It’s been six days since the new NAR ruling took place, and you’d think the sky had fallen on brokerages everywhere. To a certain extent, it feels that way. Especially in light of all the misleading media and sudden real estate gurus. First, to recap. Here’s the new rules in a nutshell:
1. Buyers are now required to sign a contract with an agent before the agent can show them any properties. This is not exactly a brand new requirement, as most states (and any agent worth his salt) have already adhered to this. However, it is now mandated for all agents who are members of the National Association of Realtors (NAR)—a group that includes a substantial 1.5 million agents across the U.S.
2. Commission changes – Prior to the settlement, NAR members who listed properties would offer shared commissions through local multiple listing services (MLSs)—the platforms where most homes are listed. Typically, sellers paid around 6% of the home’s sale price, with 3% going to their own agent and 3% to the buyer’s agent.
Now, MLSs are no longer allowed to display these offers of compensation. While sellers and their agents can still negotiate and agree to pay a buyer’s agent fee, this must be done separately from the MLS. As a result, there may be situations where sellers won’t contribute to the buyer’s agent fee, placing the full responsibility on the buyer. Buyers will then need to either cover their agent’s fee out of pocket or handle the transaction independently without an agent.
First, the gloom and doom, I-need-a-drink, the sky is falling, sucky stuff:
~ Many first-time homebuyers will not have extra cash to pay a buyer’s agent. They will either end up unrepresented or try to jump through hoops with their lenders to see if they can increase the sales price and then have the concessions/money to pay their agent at closing. Unrepresented buyers could potentially be taken advantage of, and some lenders won’t allow a buyer to include money for a buyer’s concession.
~ Some agents will knowingly or ignorantly be guilty of steering their buyers towards properties that will offer a buyer agent compensation.
~ Some boneheaded listing agents will pressure their sellers to offer x amount to a buyer’s agent.
~ Buyer’s agents might end up working for free.
~ Sellers will lose money.
While the above may happen, there are some positives in the sky-falling free-for-all the real estate world currently feels like.
~ All prospective buyers must now sign some sort of agency agreement to even tour a home. This protects the agent who is showing complete strangers an empty house and clearly spells out the details of the client relationship with the buyer.

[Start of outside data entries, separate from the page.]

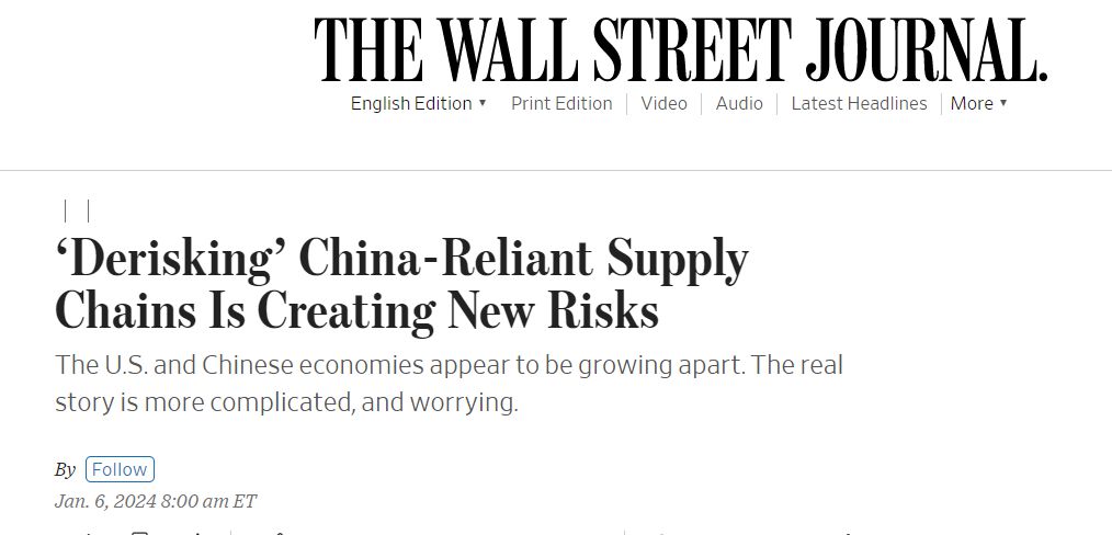 中國日報網(wǎng)1月8日電 美國《華爾街日報》網(wǎng)站報道稱,最新研究揭示了美西方針對中國供應鏈實施“去風險化”政策的實際效果。初步結論令人擔憂:旨在打造彈性供應鏈的相關措施,可能是虛幻的。結果將導致全球供應鏈變得更為復雜,反而會產(chǎn)生新的風險。
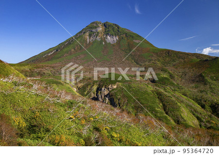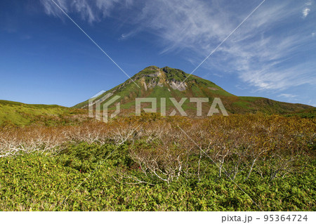 北海道・道東 羅臼湖からの紅葉の知西別岳 秋 9月
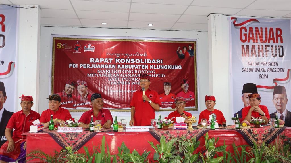 Konsolidasi PDI Perjuangan di Kabupaten Klungkung untuk memenangkan PDI Perjuangan guna meningkatkan perolehan suara dan kursi PDI Perjuangan di DPRD Klungkung, DPRD Bali, dan DPR RI serta memenangkan GANJAR-MAHFUD satu putaran di tingkat nasional, dan 95% di Bali. Seluruh Struktur Partai PDI Perjuangan Kabupaten Klungkung, baik dari DPC Partai, PAC Partai, dan Ranting Partai serta para Caleg DPRD Bali, dan DPRD Kabupaten Klungkung memberikan apresiasi atas kesuksesan kepemimpinan Ketua DPD PDI Perjuangan Provinsi Bali
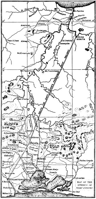 | CHAPTER XXVII. | The Coatzacoalcos River.—Isthmus of Tehuantepec.—Tehuantepec Railway and Ship-canal.—The Eads Ship-railway.—An Idea of Cortez.—Plans of Captain Eads.—A Railway-carriage with 1200 Wheels.—Ships Carried in Tanks.—Engineering and other Features of the Ship-railway.—Mahogany Trade.—Fifteen Thousand Dollars for Three Logs.—Frontera and Tabasco.—Ruins of Palenque.—Lorillard City.—Explorations by Stephens and Charnay.—Palace of Palenque.—Temple of the Cross.—Temple of Lorillard.—Remarkable Idol.—A Region Abounding in Ruins.—Remains of Mitla.—Pillar of Death. |
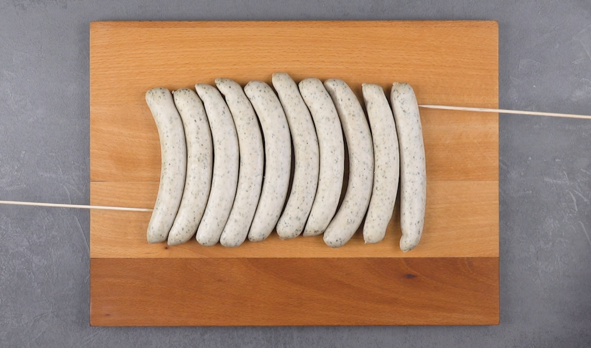1.) Lege die Bratwürste nebeneinander auf ein Brett und stecke zwei Holzspieße von oben und von unten seitlich durch alle Würste hindurch.
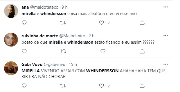 Na web, muitos ficaram surpresos com as notícias e não se conformaram com o suposto novo casal. "Whindersson e Mirella pra mim é muito vibes Selena e Faustão: aleatório, perfeito pras fic da minha cabeça", brincou um. "Gente, que história é essa de Mirella e Whindersson? Esse quebra-cabeça está confuso e quem começou vai ter que desvendar", pediu outo. "Whindersson e MC Mirella, se tem casal mais improvável, acho que acabei de achar", comentou outro.

~ If done correctly, this arrangement should provide transparency to the buyer about their possible financial responsibility.
~ Crappy real estate agents will be weeded out. Harsh, I know, but there are a lot of those, which is why we’re in that situation.
So to my real estate colleagues, buck up, little campers, it’s just an acorn, not the sky that’s falling. Let’s tackle this new challenge head-on holding on to our ethics, our sanity, and our whiskey bottles.